Застыли старики перелетным клином. И малое место пустовало незанятым‚ в самой его середине.
Подняла руку для прощания. Опустила‚ как передумала.
– Ничего мне вашего не надо‚ – гордо сказала в машину и нырнула внутрь‚ в предупредительно отпахнутую дверцу.
И черная машина унеслась прочь на недозволенной скорости...
5
...потянуло свежестью с близкой реки.
Острой‚ дразнящей свежестью незапруженных вод‚ что утекают легко и бездумно – приманкой для ослабевших душ.
На свежесть воды‚ на плеск струи‚ в скорое и блаженное освобождение убегали старики с бульвара нацеленным перелетным клином.
Так – и только так – можно вырваться из этого города.
Окунуться в поток. Отдаться течению.
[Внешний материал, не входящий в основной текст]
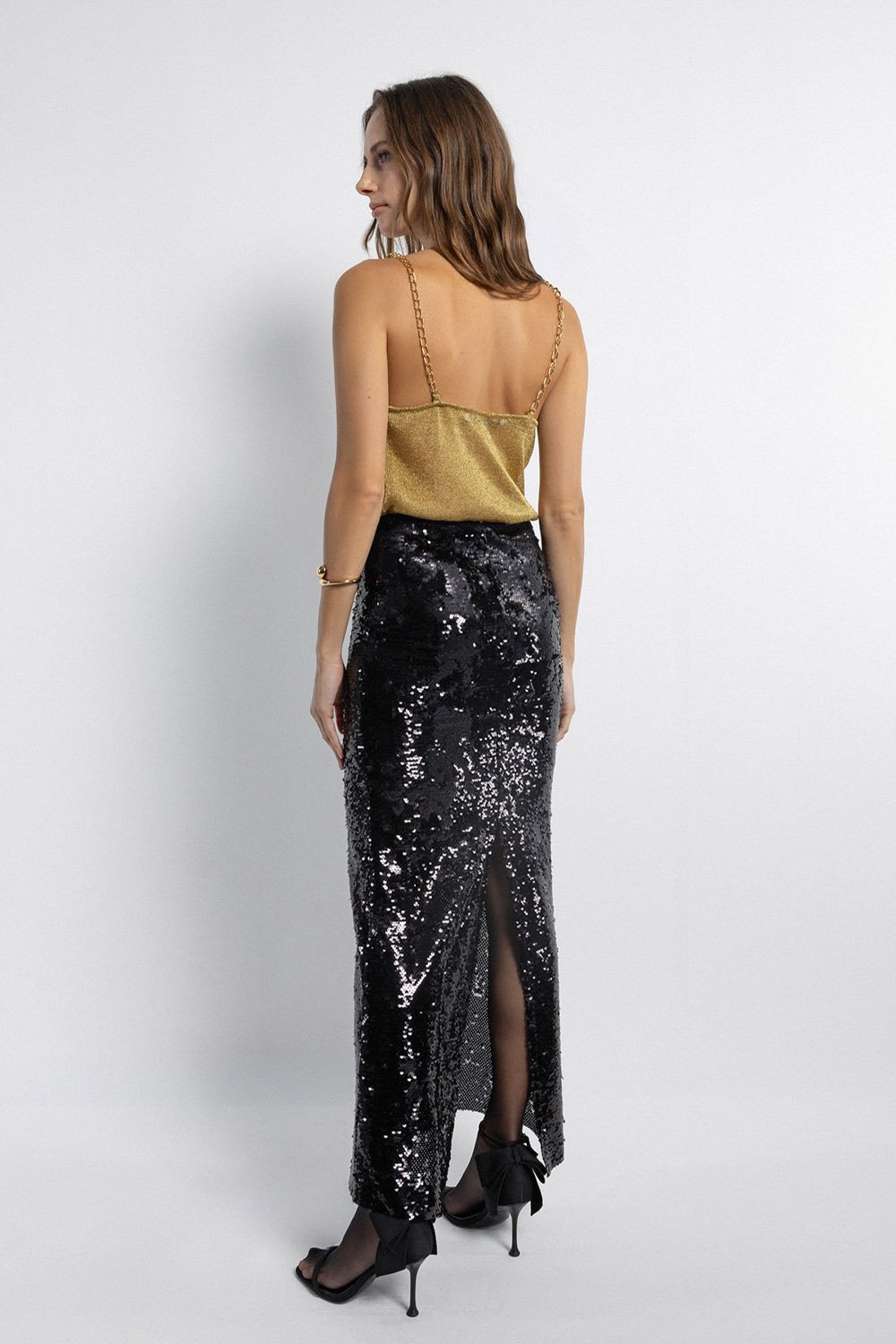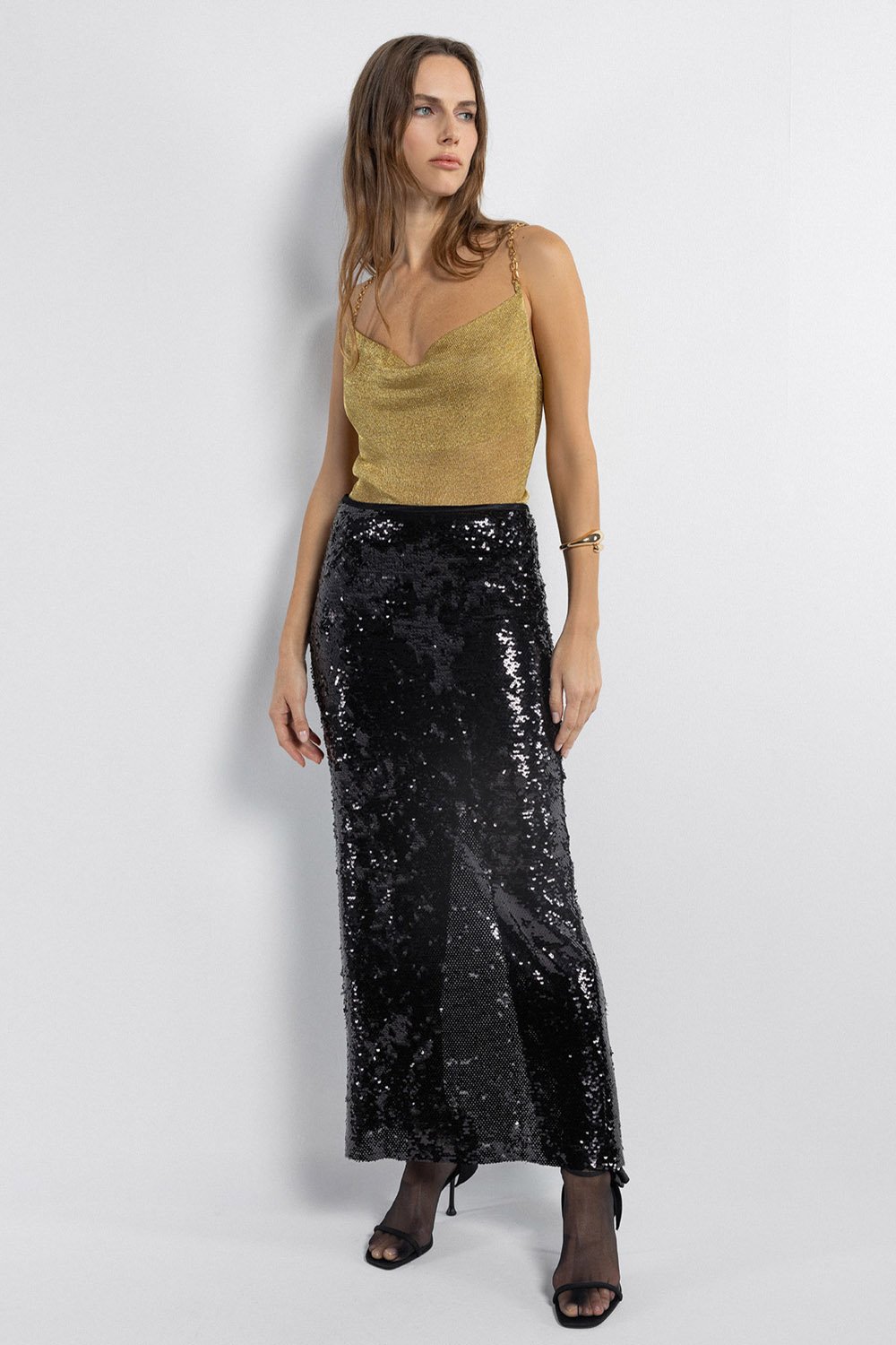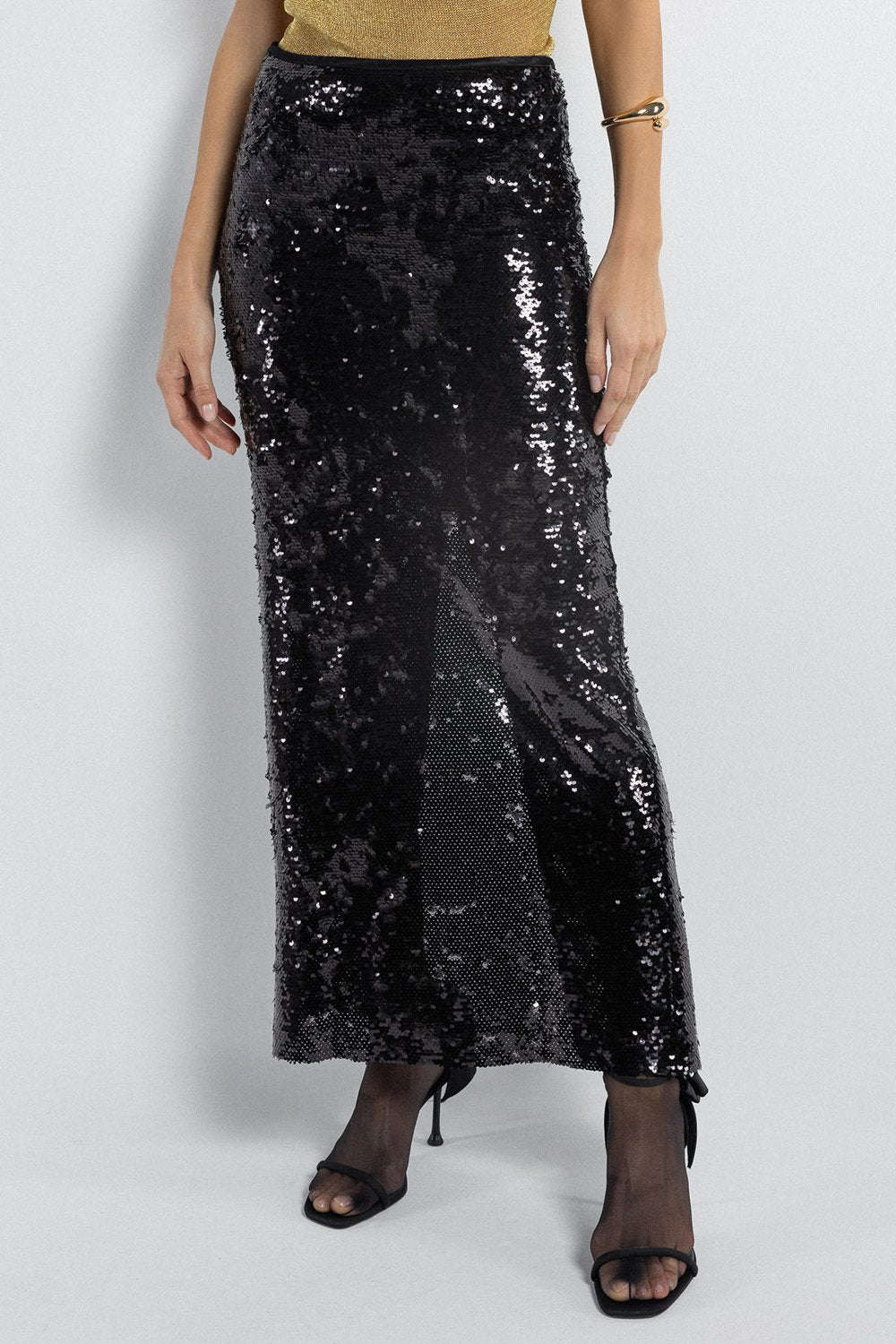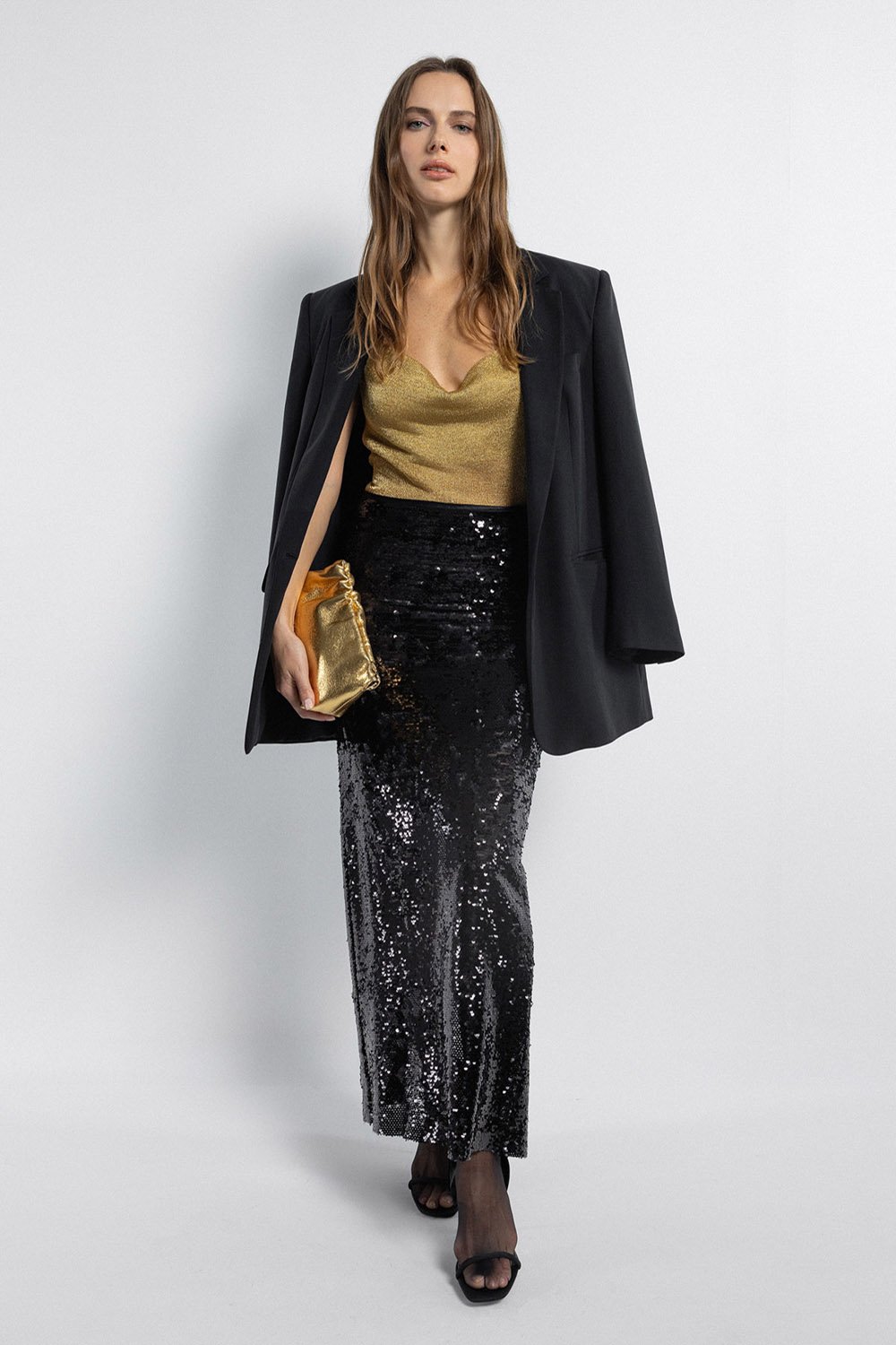 Dar kesimiyle vücuda oturan ve şık bir silüet oluşturan bu pul payetli siyah etek bluz ve ceket ile de kombinleyeceğiniz harika bir parti kombini parçasıdır.

Проплыть под мостами-заградами‚ меж сторожей-набережных‚ чтобы остались позади задымленные окраины‚ ржавый мусор до неба‚ жалкий‚ пожухлый бурьян в лишаях мазута‚ и чтобы вынесло потом на разливанные пространства без конца-края‚ на травяное‚ в кувшинках‚ мелководье‚ где торчат из воды изумленными‚ встрепанными головами вершины затопленных рощ‚ где воздух‚ солнце‚ покой‚ глубина небес невозможная.
Завтрашний старик – торжествующим мстителем – невесомо скользил на острие клина‚ выставив вперед плечо‚ и усмехался порой на собственные мысли‚ играл порой желваками.
Вплотную за ним – крыльями за спиной – взметались на бегу старики-попутчики‚ а дальше – лентами на ветру – трепетали и бились‚ взмывали и опадали бесконечные тени нескончаемого клина.
Так – и только так! – можно вырваться из всякого города.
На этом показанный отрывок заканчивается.